LabCorp Prices $400,000,000 in 2.300% Senior Notes Due 2024 and $650,000,000 in 2.950% Senior Notes Due 2029

On November 18, 2019 LabCorp (NYSE: LH) reported that it has priced its offering of $1,050,000,000 in senior notes (Press release, LabCorp, NOV 18, 2019, View Source [SID1234552830]). The offering consists of two tranches: $400,000,000 aggregate principal amount of 2.300% Senior Notes due 2024 (the 2024 Notes) and $650,000,000 aggregate principal amount of 2.950% Senior Notes due 2029 (the 2029 Notes and, together with the 2024 Notes, the Notes).

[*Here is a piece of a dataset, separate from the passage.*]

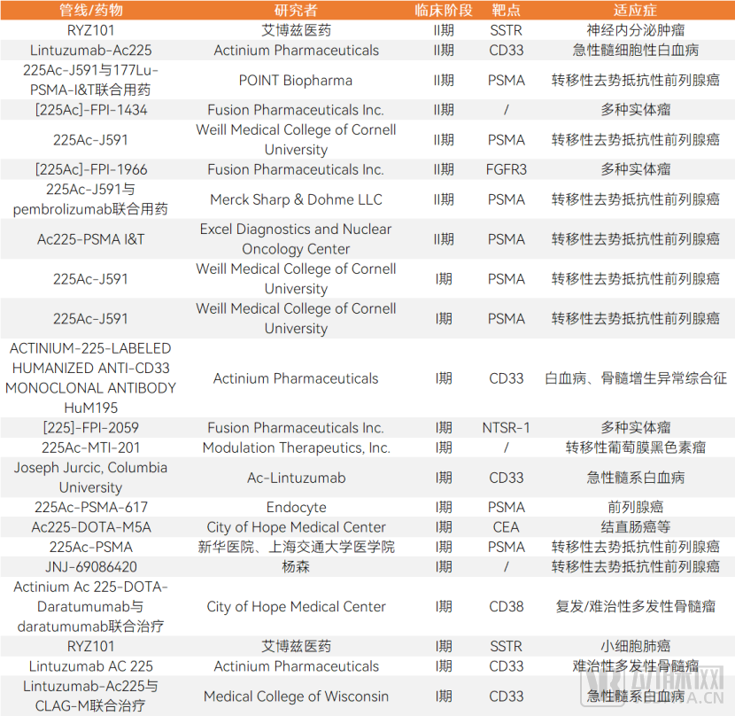 进入临床阶段的锕[225Ac]核药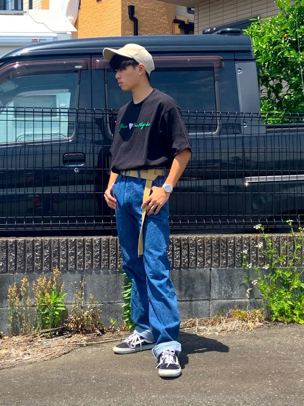 YUTA 【相互】のスニーカー「VANS ヴァンズ OLD SKOOL オールドスクール VN-0D3HY28 BLACK」を使ったコーディネート

The Notes will bear interest from Nov. 25, 2019, payable semi-annually on June 1 and Dec. 1, commencing on June 1, 2020. The closing of the offering is expected to occur on Nov. 25, 2019, subject to the satisfaction of customary closing conditions. The Notes will be senior unsecured obligations and will rank equally with LabCorp’s existing and future senior unsecured debt. Concurrently with this offering, LabCorp is conducting a cash tender offer for up to $300,000,000 aggregate purchase price of its 4.625% Senior Notes due Nov. 15, 2020 (the Tender Offer).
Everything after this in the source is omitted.